1. Identify the protein encoded by DNA sequence corresponding to your G-number using two different approaches. Find the entries for this protein in two different databases.
>Last digit of G-number: 0, 1, 2 ATGCAGGCTCAACAGTACCAGCAGCAGCGTCGAAAATTTGCAGCTGCCTTCTTGGCATTCATTTTCATAC TGGCAGCTGTGGATACTGCTGAAGCAGGGAAGAAAGAGAAACCAGAAAAAAAAGTGAAGAAGTCTGACTG TGGAGAATGGCAGTGGAGTGTGTGTGTGCCCACCAGTGGAGACTGTGGGCTGGGCACACGGGAGGGCACT CGGACTGGAGCTGAGTGCAAGCAAACCATGAAGACCCAGAGATGTAAGATCCCCTGCAACTGGAAGAAGC AATTTGGCGCGGAGTGCAAATACCAGTTCCAGGCCTGGGGAGAATGTGACCTGAACACAGCCCTGAAGAC CAGAACTGGAAGTCTGAAGCGAGCCCTGCACAATGCCGAATGCCAGAAGACTGTCACCATCTCCAAGCCC TGTGGCAAACTGACCAAGCCCAAACCTCAAGCAGAATCTAAGAAGAAGAAAAAGGAAGGCAAGAAACAGG AGAAGATGCTGGATTAA >Last digit of G-number: 3, 4, 5, 6 ATGAAAGTCCTGCTTTGTGACCTGCTGCTGCTCAGTCTCTTCTCCAGTGTGTTCAGCAGTTGTCAGAGGG ACTGTCTCACATGCCAGGAGAAGCTCCACCCAGCCCTGGACAGCTTCGACCTGGAGGTGTGCATCCTCGA GTGTGAAGAGAAGGTCTTCCCCAGCCCCCTCTGGACTCCATGCACCAAGGTCATGGCCAGGAGCTCTTGG CAGCTCAGCCCTGCCGCCCCAGAGCATGTGGCGGCTGCTCTCTACCAGCCGAGAGCTTCGGAGATGCAGC ATCTGCGGCGAATGCCCCGAGTCCGGAGCTTGTTCCAGGAGCAGGAAGAGCCCGAGCCTGGCATGGAGGA GGCTGGTGAGATGGAGCAGAAGCAGCTGCAGAAGAGATTTGGGGGCTTCACCGGGGCCCGGAAGTCGGCC AGGAAGTTGGCCAATCAGAAGCGGTTCAGTGAGTTTATGAGGCAATACTTGGTCCTGAGCATGCAGTCCA GCCAGCGCCGGCGCACCCTGCACCAGAATGGTAATGTGTAG >Last digit of G-number: 7, 8, 9 ATGGCCTCCGGTGTGGCTGTCTCTGATGGTGTCATCAAGGTGTTCAACGACATGAAGGTGCGTAAGTCTT CAACGCCAGAGGAGGTGAAGAAGCGCAAGAAGGCGGTGCTCTTCTGCCTGAGTGAGGACAAGAAGAACAT CATCCTGGAGGAGGGCAAGGAGATCCTGGTGGGCGATGTGGGCCAGACTGTCGACGACCCCTACGCCACC TTTGTCAAGATGCTGCCAGATAAGGACTGCCGCTATGCCCTCTATGATGCAACCTATGAGACCAAGGAGA GCAAGAAGGAGGATCTGGTGTTTATCTTCTGGGCCCCCGAGTCTGCGCCCCTTAAGAGCAAAATGATTTA TGCCAGCTCCAAGGACGCCATCAAGAAGAAGCTGACAGGGATCAAGCATGAATTGCAAGCAAACTGCTAC GAGGAGGTCAAGGACCGCTGCACCCTGGCAGAGAAGCTGGGGGGCAGTGCCGTCATCTCCCTGGAGGGCA AGCCTTTGTGA
2. Briefly describe the function of your protein and identify biologically important sites/regions in this protein.
3. Find nine proteins homologous to your protein.
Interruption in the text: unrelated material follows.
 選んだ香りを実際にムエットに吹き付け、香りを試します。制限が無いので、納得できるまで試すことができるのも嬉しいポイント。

The proteins should be from the different species belonging to the following groups: monkeys, cattle, cats, rodents, bats, birds, fish, worms, and yeast. At least five of these groups should be represented in your list of proteins (mark them in your report). Create a table containing several most important characteristics of these proteins.
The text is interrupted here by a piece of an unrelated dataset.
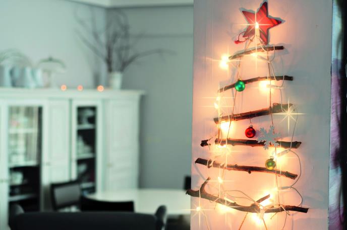 Pravljenje ovakve improvizovane jelke može postati zanimljiva aktivnost u kojoj će učestvovati cela porodica. Tokom šetnje ispod drveća prikupite nekoliko srušenih komada drveta različitih dužina koje ćete pomoću kanapa na krajevima kao na slici pretvoriti u drvce za ukrašavanje. Ukrasi mogu biti raznoliki, lampice su obavezne, a na vrh nemojte da zaboravite da stavite takođe drvenu zvezdu.
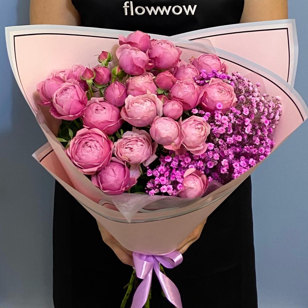 Букет пионовидных роз с гипсофилой

4. Build multiple sequence alignments of ten sequences identified in Q1 and Q3 using two different MSA algorithms. Generate a tree for each alignment. Compare (qualitatively) the alignments and the trees and interpret the results of these comparisons.
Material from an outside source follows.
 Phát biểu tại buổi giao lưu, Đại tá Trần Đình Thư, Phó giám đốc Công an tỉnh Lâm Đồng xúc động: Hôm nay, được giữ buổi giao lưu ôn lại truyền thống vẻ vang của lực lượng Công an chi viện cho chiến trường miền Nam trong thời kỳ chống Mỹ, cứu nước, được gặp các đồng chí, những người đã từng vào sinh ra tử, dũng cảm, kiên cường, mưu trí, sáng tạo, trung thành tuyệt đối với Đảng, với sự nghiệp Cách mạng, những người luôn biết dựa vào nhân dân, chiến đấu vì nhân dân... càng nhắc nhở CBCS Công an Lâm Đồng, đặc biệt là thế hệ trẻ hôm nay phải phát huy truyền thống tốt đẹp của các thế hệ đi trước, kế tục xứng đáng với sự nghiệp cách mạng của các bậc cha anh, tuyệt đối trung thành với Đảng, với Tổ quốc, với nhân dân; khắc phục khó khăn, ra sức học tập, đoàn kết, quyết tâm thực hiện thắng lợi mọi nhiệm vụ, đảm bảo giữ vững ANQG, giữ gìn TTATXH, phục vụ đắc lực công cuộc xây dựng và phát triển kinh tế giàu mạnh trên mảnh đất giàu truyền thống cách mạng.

5. Find known protein sequence motifs or patterns in your protein. Explain the statistical results of using these motifs to identify relevant proteins in a protein sequence database.
6. FOR BINF630, BINF530 AND BIOL580 STUDENTS ONLY: Locate one highly conserved 10 residue region and one of the least conserved 10 residue regions in one of the alignments from Q4. Write regular expressions for both regions. Search a protein sequence database using these two regular expressions. Report and interpret the results of these two searches.